Treating Depression May Improve Long-Term Cardiac Outcomes
AUGUST 08, 2018
Gail Connor Roche
Jae-Min Kim, MD, PhDPatients with depression following acute coronary syndrome (ACS) saw a lower risk of major adverse cardiac events (MACE) years later after taking the selective serotonin reuptake inhibitor (SSRI) escitalopram, new research shows.
The study by a team at Chonnam National University Medical School in Gwangju, South Korea, followed a total of 300 patients with recent acute coronary syndrome and depression. The participants took either escitalopram (Lexapro) or a placebo for a 24-week treatment period. They completed a median 8.1 years of follow-up.

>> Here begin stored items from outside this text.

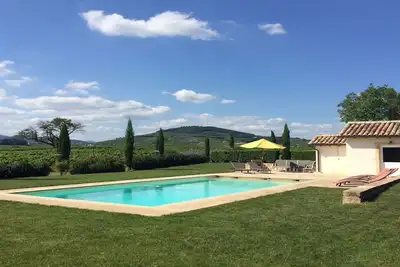 Ardèche sud mazet avec piscine privée, vaste jardin plat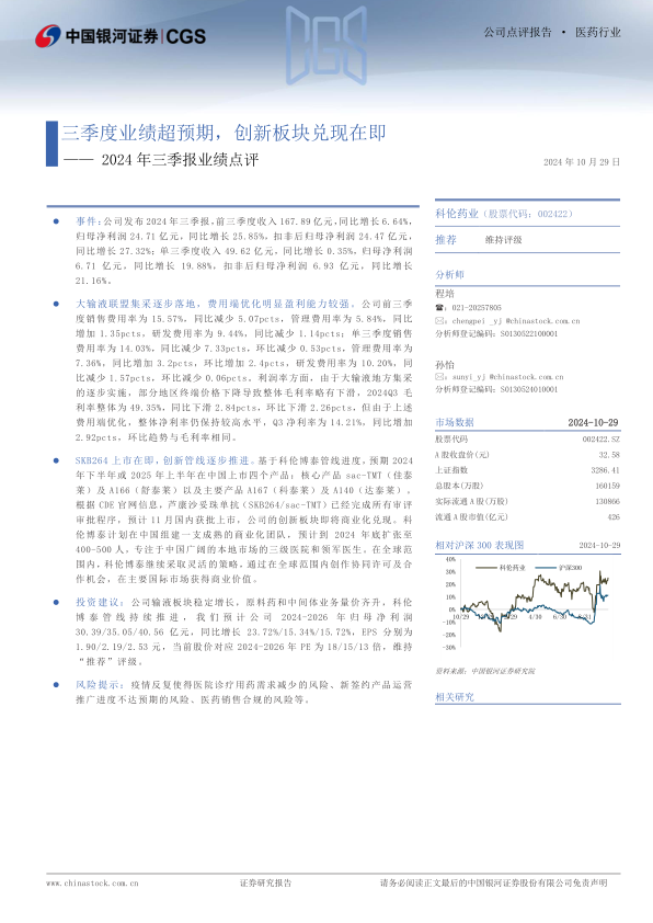 本报告对科伦药业2024年三季报进行了深入分析,指出公司业绩超预期,盈利能力提升,创新药商业化在即,维持“推荐”评级。报告强调了大输液集采的影响、费用优化策略、SKB264上市的重要性以及未来盈利增长的潜力。同时,报告也提示了疫情、新产品推广和合规等风险因素。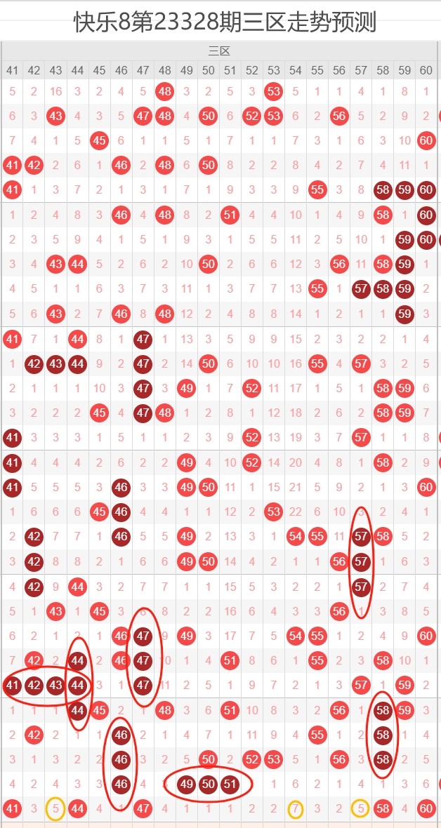 通过对往期30期数据分析,三区热号为:46(出现11期);冷号为:45(出现5期)52(出现5期)51(出现4期)53(出现4期)54(出现2期);遗漏号为:54(7期未出)575期未出);连落号码为:44(连出3期)46(连出3期)47(连出3期)58(连出3期)。温号频繁出现,遵循由冷变温变热原则。8期以上不出现的号码,防止回补。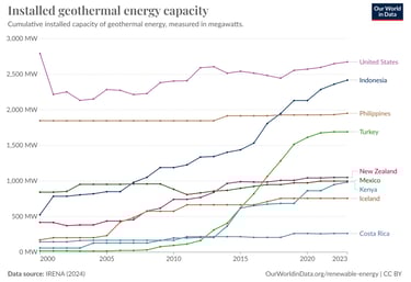 It's Indonesia, a country relying heavily on fossil fuels at present, that has the greatest geothermal potential - 40% of the world's total. It sits on the Pacific Rim of Fire with constant seismic activity and 117 volcanoes! At present, Indonesia generates just 3% of its electricity from 16 geothermal plants. This figure could potentially reach 35% or 29GW. Of course, there are many hurdles to cross before anything like this could be achieved. Geothermal requires massive investment with high start up costs. Most seismic activity takes place in remote regions of the country which would require a huge amount of networking to feed electricity into the national grid.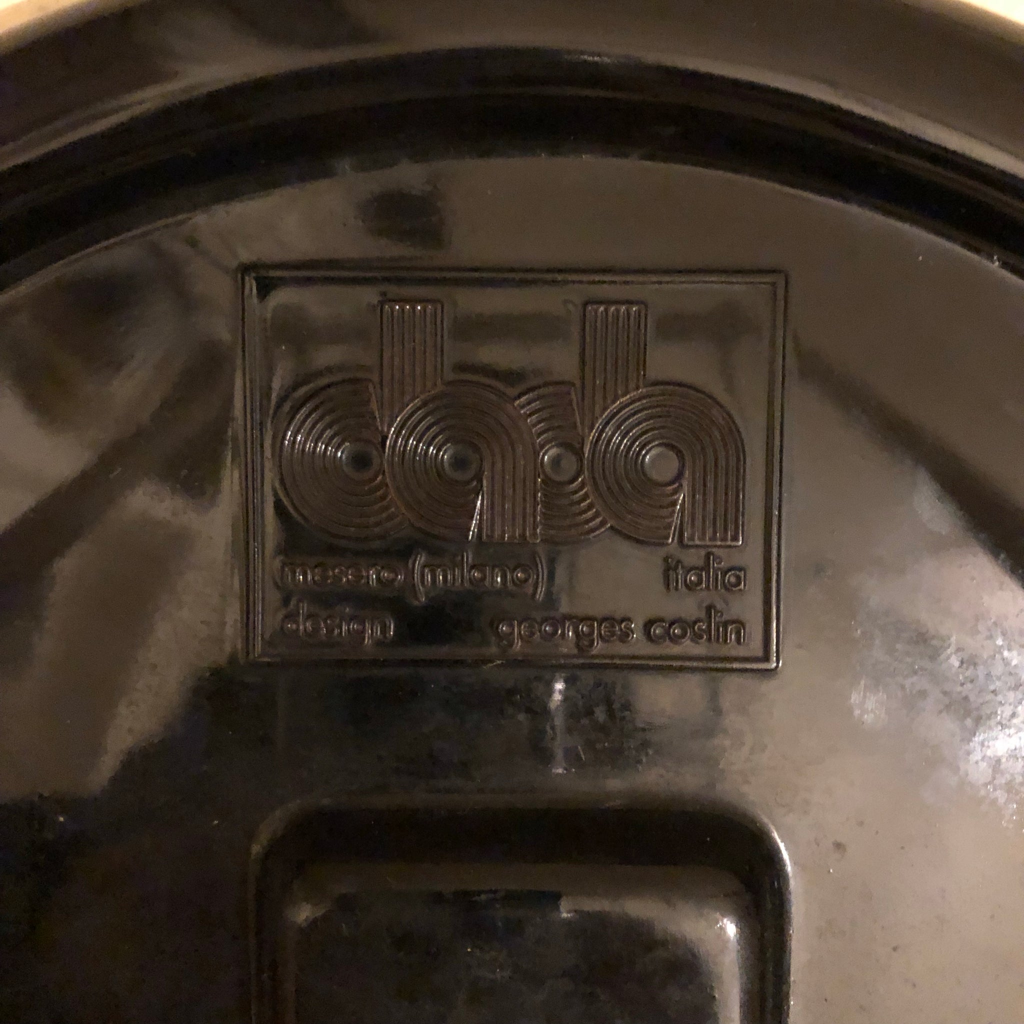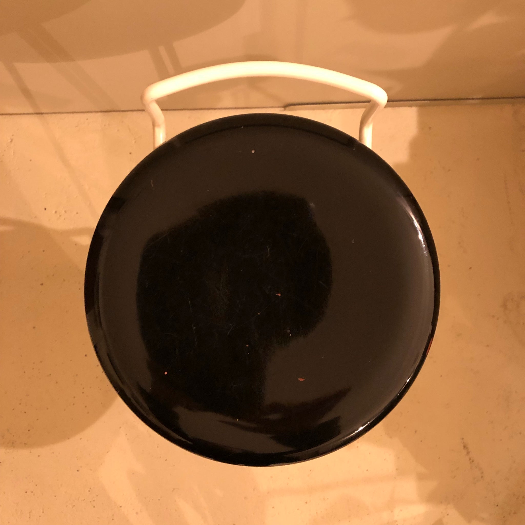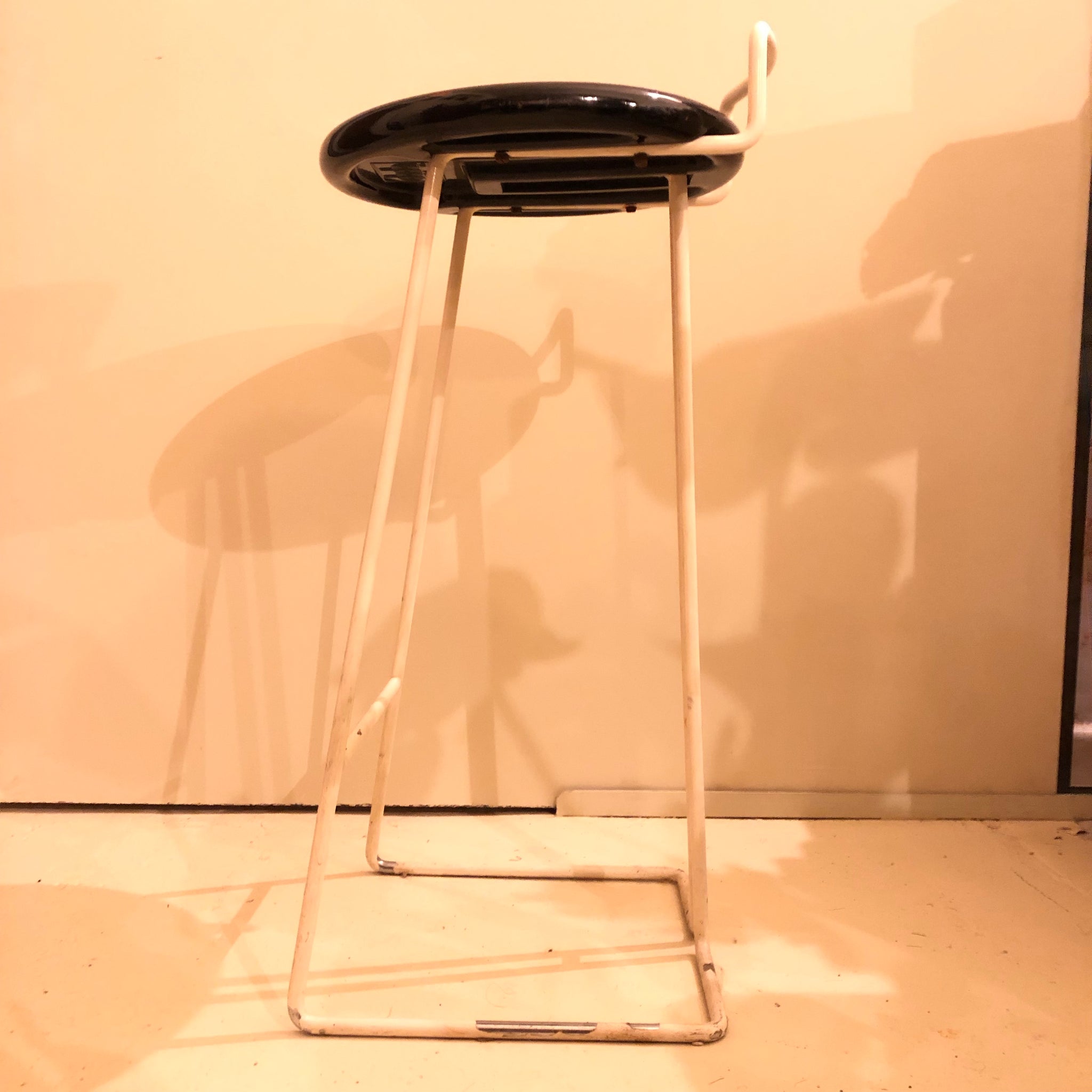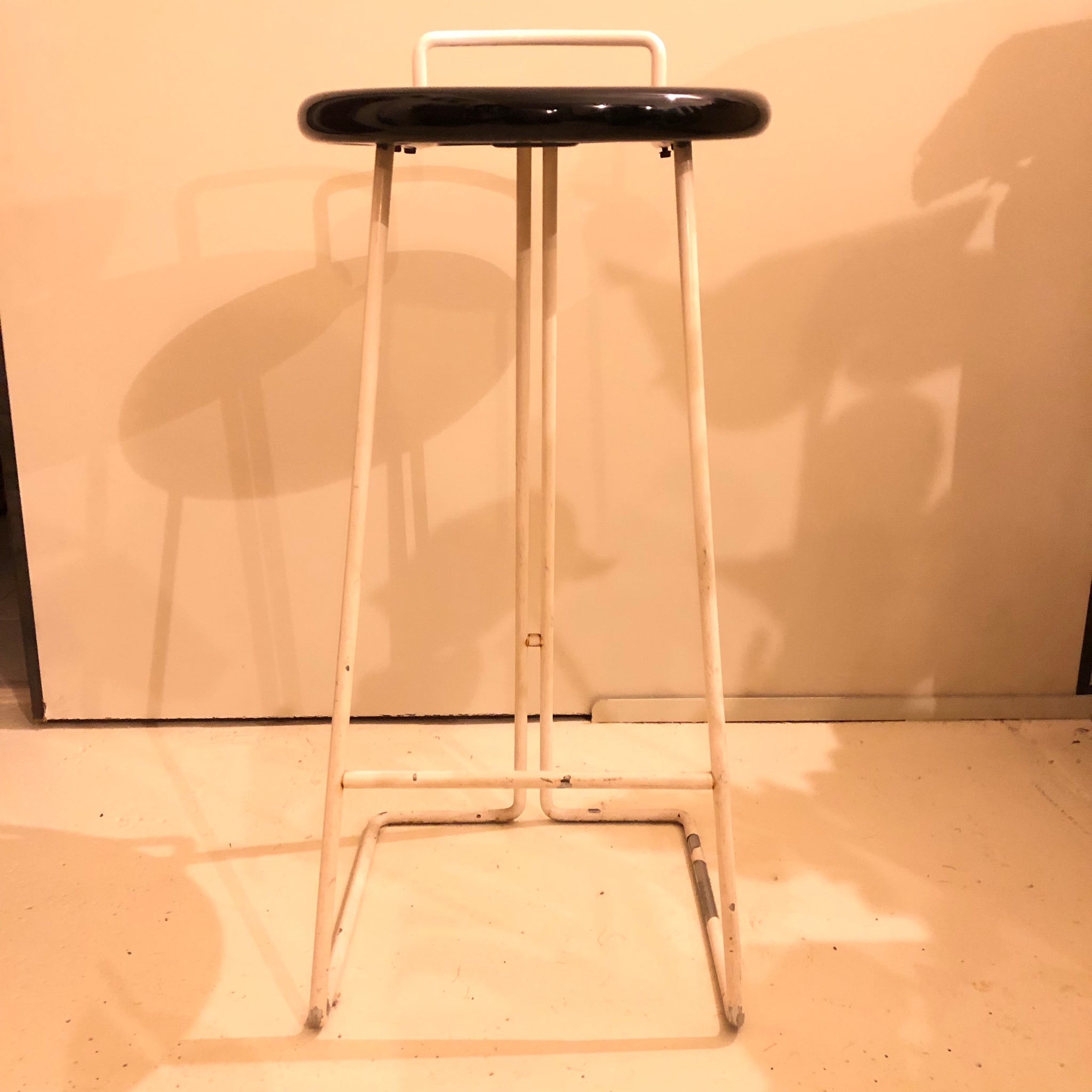 Sgabello vintage anni ‘70. Design George Coslin per Dada design. Acciaio cromato laccato bianco panna, seduta in plastica, nero. Presenta segni del tempo e imperfezioni. Pezzo unico

Researchers, led by Jae-Min Kim, MD, PhD, Department of Psychiatry, Chonnam National University Medical School, found that major cardiac events occurred in 40.9% of the participants who took escitalopram compared to 53.6% of those who received the placebo.
“Escitalopram treatment for depression following ACS has a beneficial effect on long-term cardiac outcomes,” Kim told MD Magazine®.
Depression is frequently comorbid with acute coronary syndrome and is associated with poor outcomes ranging from nonfatal events to increased mortality.
However, Kim and colleagues wrote in JAMA, the Journal of the American Medical Association, the associations between anti-depressant treatment and long-term cardiac outcomes have been inconclusive. In particular, previous research has been limited by short time periods, they said.
“This study aimed to investigate whether the effect of escitalopram versus placebo for treating acute-phase depression in patients with recent ACS resulted in benefits in longer-term cardiac outcomes,” the authors wrote.
To investigate, the team considered data on 181 men and 119 women with a median age of 60 in a randomized, double-blind, placebo-controlled trial from May 2007 to March 2013. The patient follow-up was completed in June 2017.
Patients initially received a 10-mg daily dose of escitalopram, which could be adjusted from 5 mg per day to 20 mg per day based on a clinical decision by investigators.
The team then assessed the patients on the components of MACE: myocardial infarction; cardiac death; all-cause mortality; and percutaneous coronary intervention. They found that the incidence of myocardial infarction was significantly lower in the escitalopram group at 8.7% versus 15.2% for the placebo group. There were no significant differences in the other MACE components.
Incidence rates for all-cause mortality were 20.8% in escitalopram takers compared to 24.5% for the placebo group. Cardiac death was 10.7% versus 13.2% respectively. Percutaneous coronary intervention was 12.8% compared to 19.9%.
Kim said 2 possible mechanisms may be at play influencing the decreased incidence of myocardial infarction among the escitalopram group.
“First, improvement of depression may promote health behavior including better treatment adherence, more regular hospital visits or medication, more adjusted exercise or diet,” he said.
Second, he added, “escitalopram may positively affect common biomarkers for ACS and depression including brain derived neurotrophic factor and pro-inflammatory cytokines; and may normalize autonomic and platelet dysfunction, which have adverse effects on cardiac outcomes.”
Asked about why the team chose to investigate escitalopram, Kim said that the drug has been known to be more effective and safer than another SSRI, citalopram (Celexa).
“There has been a concern raised by US Food and Drug Administration (FDA) about the use of higher doses of citalopram in relation to QTc prolongation, a surrogate marker of cardiotoxicity,” Kim said. In addition, citalopram’s longer-term follow-up results have not yet been published, he said.
Kim said that further research into psychosocial factors including depression comorbidity and treatment interactions on long-term cardiac outcomes is important.
“Appropriate treatment of depression from the acute stage of ACS could improve long-term treatment outcomes of ACS itself,” he said.